As readers of this blog may recall, the Middle District of North Carolina recently denied Dish Network’s request for reversion of $11 million in unclaimed funds from the jury-awarded damages in a TCPA class action trial. See Krakauer v. Dish Network, LLC, No. 14-0333 (M.D.N.C. Oct. 27, 2020). Noting that the TCPA is a deterrence statute, the District Court held that allowing unclaimed funds to revert to the defendant would undermine the function of the damage award, and it determined that such funds should either escheat to the government or be donated to an appropriate charity whose work is related to the objectives of the TCPA. But the District Court did not decide the ultimate recipient of the unclaimed funds, appointing a special master to identify and evaluate potential cy pres recipients and make recommendations to the court.

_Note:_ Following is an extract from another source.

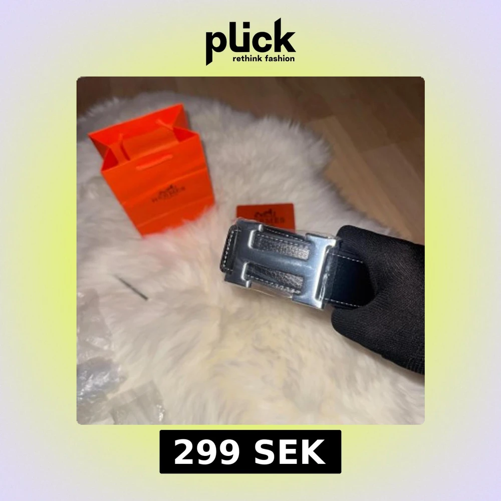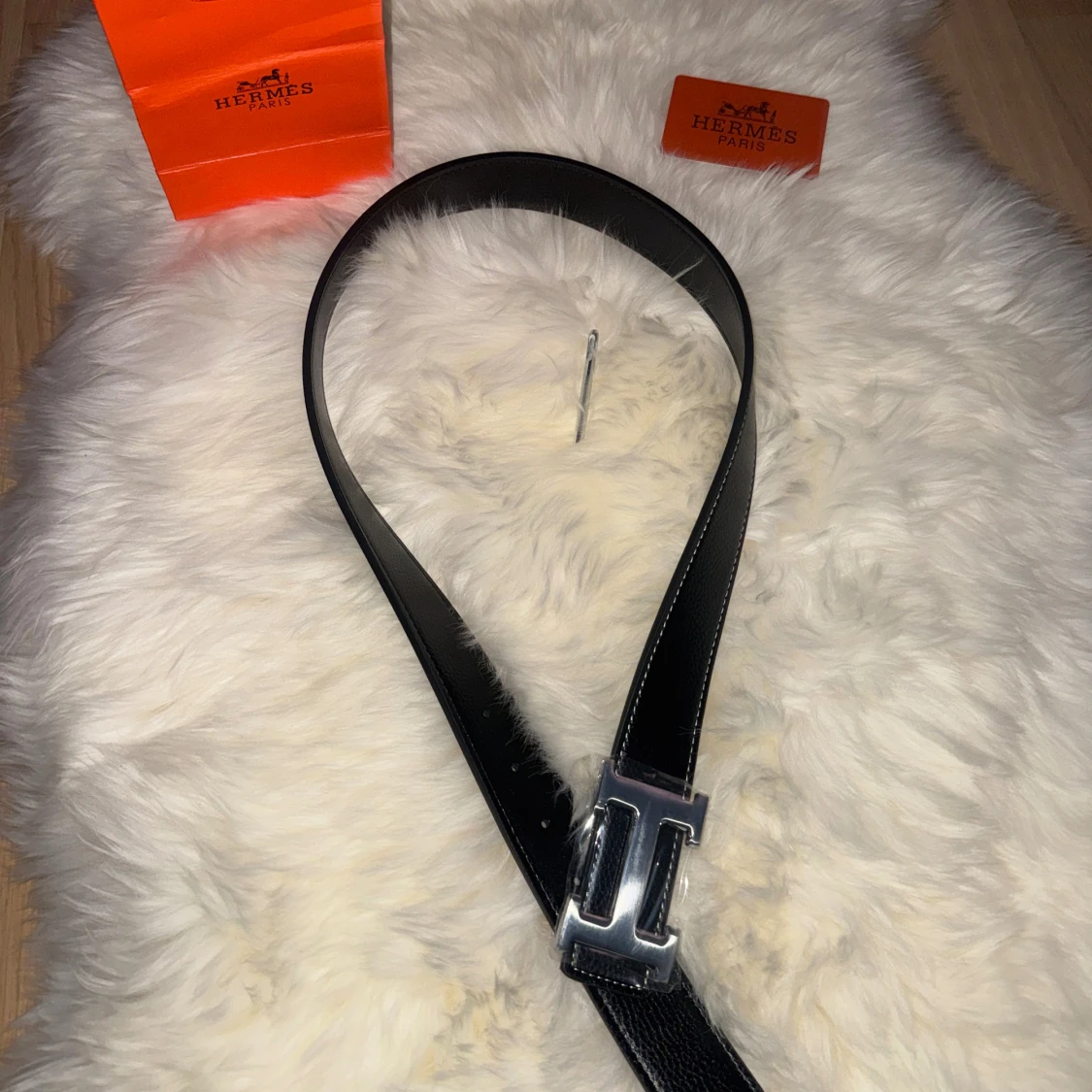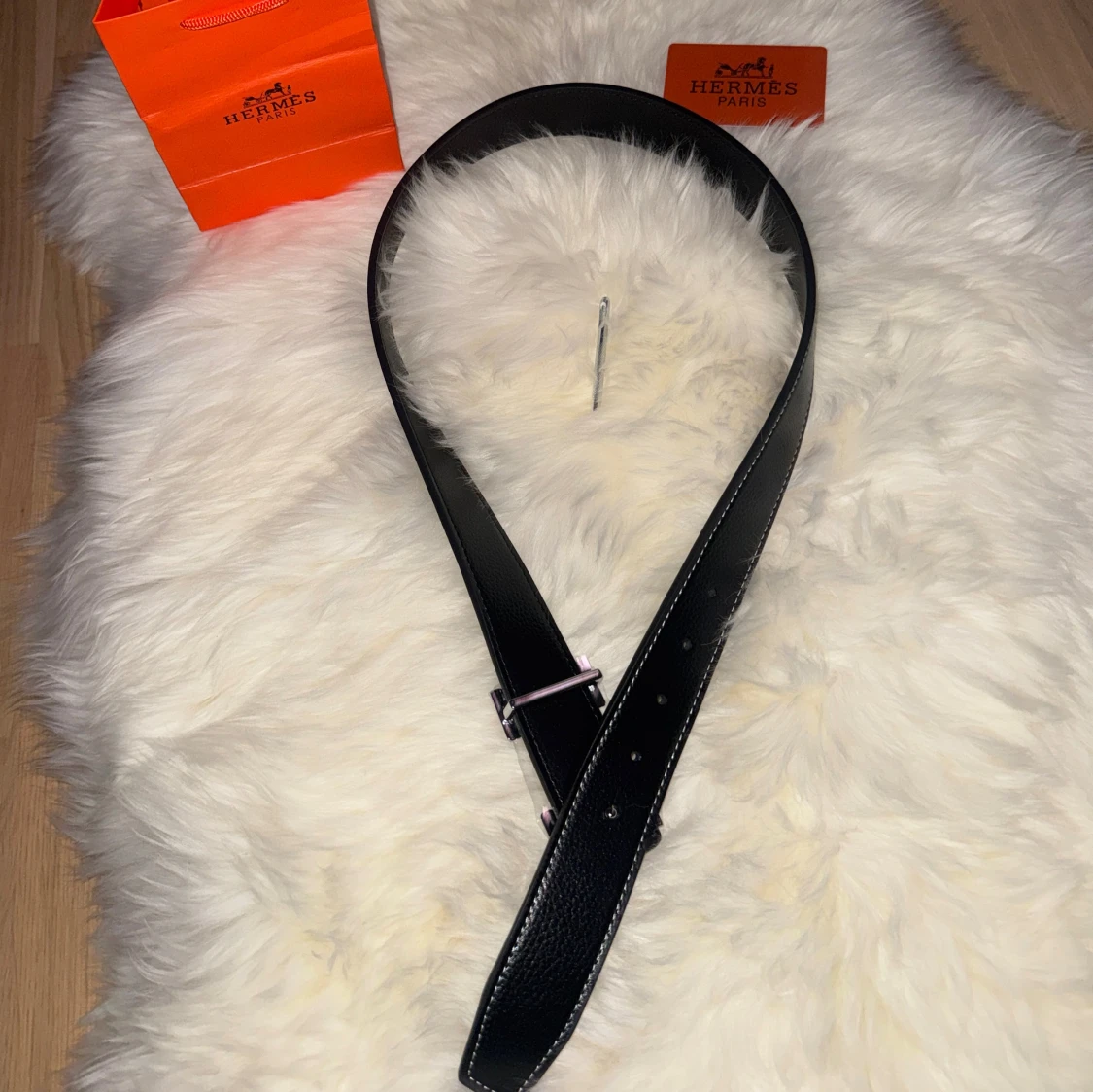 Säljer ett stilrent svart H bälte i skinn med klassiskt H-spänne i silverfärgad metall. Bältet har en slät, elegant form och vit kontrastsöm längs kanterna. Perfekt accessoar för att lyfta din outfit med lyxig känsla.box medkommer ej håltagare medkommer

Now, in a roughly one-page order, the Fourth Circuit denied Dish Network’s appeal of the District Court’s final disbursement order. See Krakauer v. Dish Network, LLC, No. 20-1077, No. 20-1198 (4th Cir. Dec. 1, 2020). Notwithstanding that the District Court had denied in no uncertain terms Dish’s motion that the unclaimed funds revert to Dish, the appellate court determined that the appeal was not yet ripe, given that the issue of where the funds will go has not yet been decided by the District Court and therefore “Dish’s interest in the ongoing claims administration process is contingent upon the issue—not yet resolved in the district court—of whether any unclaimed class funds revert to Dish.” Id. It concluded that if the District Court resolved not to allow such a reversion, “then the errors that Dish assigns to the claims administration process will not have caused any injury to Dish.” Id. Thus, on both standing and ripeness grounds, the Fourth Circuit denied the appeal.
The $11 million question—who will ultimately receive the unclaimed funds—still remains to be seen. We will continue to monitor this case as it develops.